Я наклоняюсь и принимаюсь тереть пол шваброй, повернувшись к нему спиной, чтобы он не мог видеть моей ухмылки. Я чувствую себя отлично, потому что Макмерфи выставил этого черного парня козлом, что мало кому удавалось. Папа был способен на такое, он стоял широко расставив ноги, с невозмутимым видом, щурясь в небо, когда люди из правительства явились к нему, чтобы вести переговоры и выкупить договорные обязательства.
- Канадские гуси уже здесь, - говорил папа, поглядывая в небо.
Люди из правительства смотрели, шелестя бумагами.
- О чем это вы?.. В июле? Не может быть здесь гусей в это время года.
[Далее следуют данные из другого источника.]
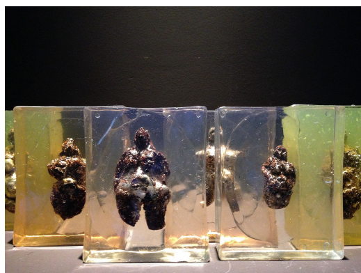
Sculptures excréments, 1997 à 2001 Inclusions d'excréments humains dans la résine polyester 8 x 10 x 3,5 cm © Laetitia Bourget

Plasticienne polyvalente, mes recherches m'amènent à m'initier sans cesse à de nouvelles pratiques, explorer la matière du vivant dans mes réalisations plastiques, et la matière de la vie dans mes textes.

Да, не может быть гусей.
Они разговаривали, как туристы с Востока, которым кажется, что они должны разговаривать с индейцами именно так, чтобы те могли их понять. Папа, казалось, вообще не замечал, как они говорят. Он продолжал смотреть в небо.
- Гуси здесь, белый человек. Вы это знаете. Гуси здесь в этом году. И были здесь в прошлом. И годом раньше, и еще годом раньше.
Чиновники смотрят друг на друга и кашляют.
- Да. Наверное, это правда, Вождь Бромден. А теперь - к делу. Забудьте о гусях. Обратите внимание на контракт. То, что мы предлагаем, может принести большую выгоду вашему народу - изменить жизнь краснокожих.
- …И еще годом раньше. И еще годом раньше… - говорил папа.
Когда до людей из правительства дошло, что над ними смеются, весь совет племени - сидят на крылечке у нашей хижины, то засунут трубки в карманы своих клетчатых черно-красных шерстяных курток, то вытащат их снова, посмеиваясь, глядя друг на друга и на папу, - разразился таким хохотом, что все от него едва не поумирали.
Они выставили чиновников козлами; наконец те повернулись, не сказав ни слова, и зашагали к шоссе, с покрасневшими шеями, и мы смеялись им вслед. Иногда я забываю, что может сделать смех.